Нико
Тени в церкви сгущаются с наступлением ночи, и я оказываюсь один в священной тишине. Укладывая сборники псалмов, я слышу, как скрипит тяжелая дубовая дверь — звук, которого я ожидал со стыдливым нетерпением.
Катерина проскальзывает внутрь, как видение, ее силуэт четко вырисовывается на фоне угасающего янтарного света. Коробка в ее руках прижимается к груди, заставляя спину слегка выгнуться, когда она уравновешивает ее вес. Мой пульс стучит под воротником, по шее поднимается жар.
— Отец Моретти, — говорит она шепотом, который каким-то образом заполняет сводчатое пространство, огибая колонны и находя меня. — Надеюсь, я вам не помешала.
— Вовсе нет, — отвечаю я, мои ноги уже несут меня к ней, влекомые каким-то невидимым течением. — Позволь мне помочь тебе.
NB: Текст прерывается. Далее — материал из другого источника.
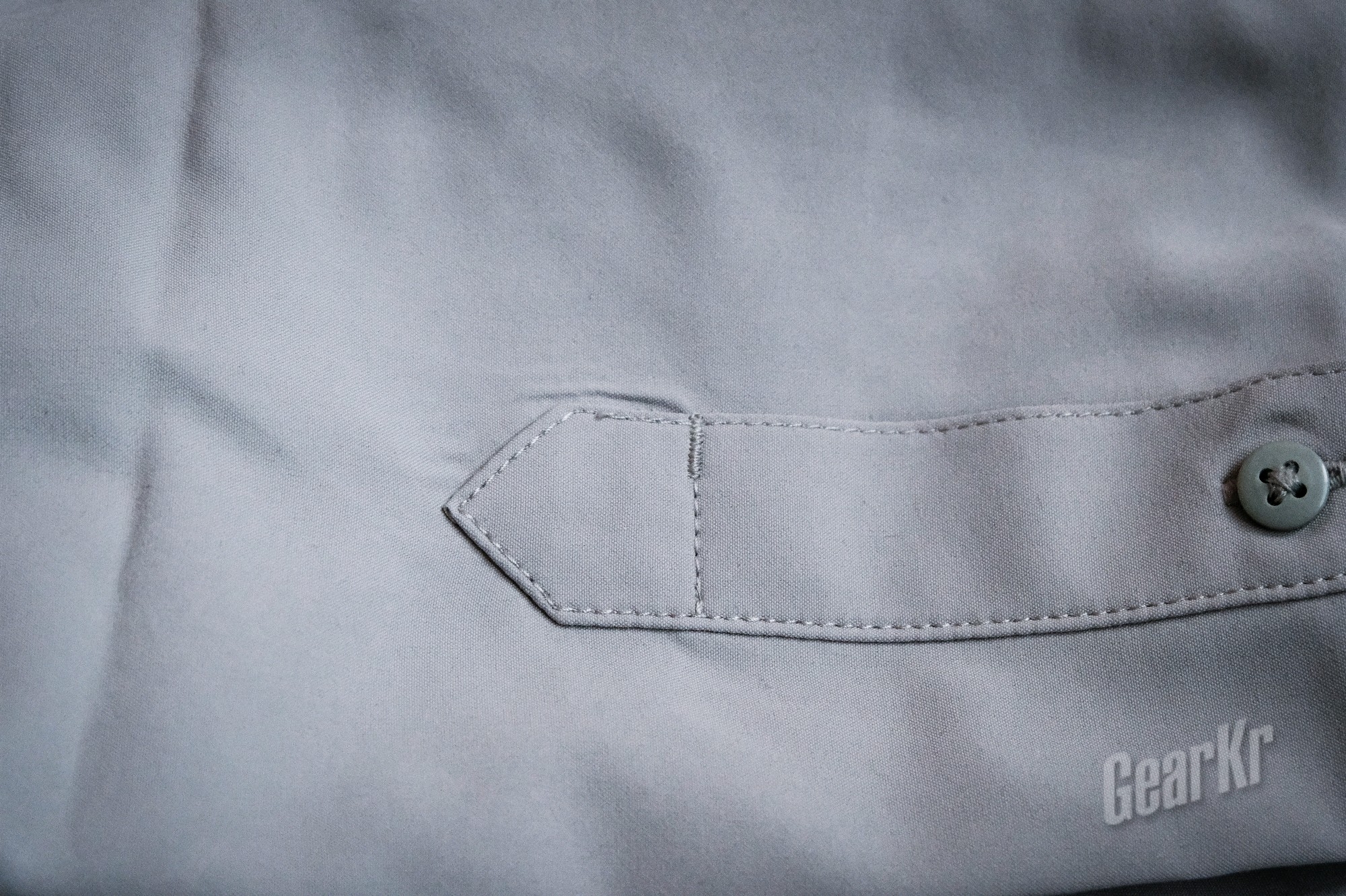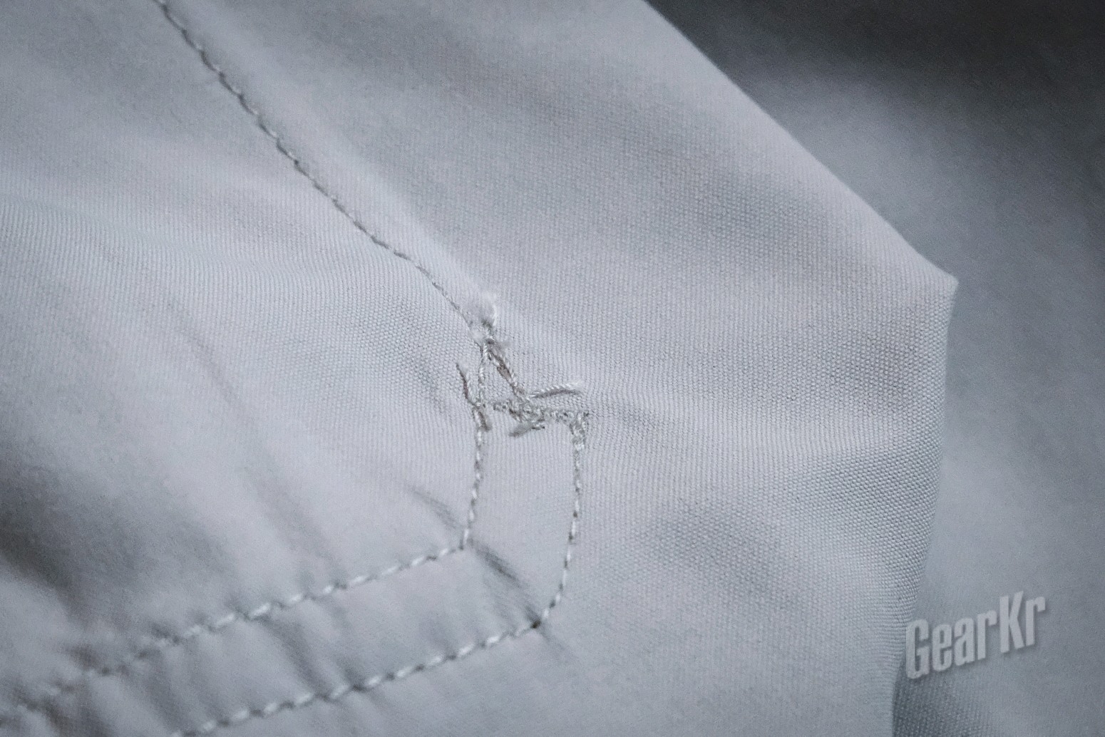 这个口袋盖扣子设计的比较有意思,相较于传统衬衫竖着开一道口子来塞纽扣,神射手是横着开了一个孔,这样的设计更方便解开和系扣子。

Сегодня вечером она одета просто — темные джинсы, облегающие изгиб бедер, и кремовый кашемировый свитер, на котором отражается золотистый свет свечей, мягкая ткань облегает ее силуэт. Ее волосы свободно спадают на плечи волнами красного дерева, которые, как я представляю, были бы похожи на шелк между моими пальцами. Я заставляю себя отвести взгляд, но не раньше, чем улавливаю аромат ее духов — что-то с жасмином и ванилью, которое, кажется, витает в священном воздухе между нами.
— Еще несколько вещей из шкафа моей матери, — объясняет она, ставя коробку на скамью. Ее тонкие пальцы касаются полированного дерева. — В последнее время она увлекается минимализмом.
Я киваю, прекрасно зная, что «минимализм» Марии Бенетти, скорее всего, предполагает замену дизайнерской одежды прошлого сезона на одежду нынешнего. Бенетти ничего не делают наполовину — особенно когда дело касается красоты.
— Ваш вклад всегда ценится, — говорю я, сохраняя то, что должно быть профессиональной дистанцией. Однако мое тело предает меня, когда я оказываюсь достаточно близко, чтобы почувствовать тепло, исходящее от кожи Катерины.
Катерина движется к вотивным свечам, ее бедра покачиваются под темной джинсовой тканью при каждом неторопливом шаге. Она достает из кармана хрустящую двадцатку, пальцы задерживаются на потертой коже, словно прикасаясь к воспоминаниям. — Я хочу зажечь свечу за свою бабушку, — говорит она медовым от горя голосом. — Сегодня прошло три года.
Я смотрю, как она опускается на колени, ткань ее джинсов туго натягивается на бедрах. Ее спина изгибается в мольбе, совершенной дугой преданности, от которой мой воротник внезапно становится тугим. Ящик для пожертвований принимает ее подношение с металлическим вздохом. Когда она берет тонкую свечу между пальцами, я ловлю себя на том, что заворожен изяществом ее руки, тем, как заметно трепещет пульс на запястье. Пламя переходит от одной свечи к другой — интимный огненный поцелуй, который освещает впадины ее скул, придавая ей золотистый оттенок.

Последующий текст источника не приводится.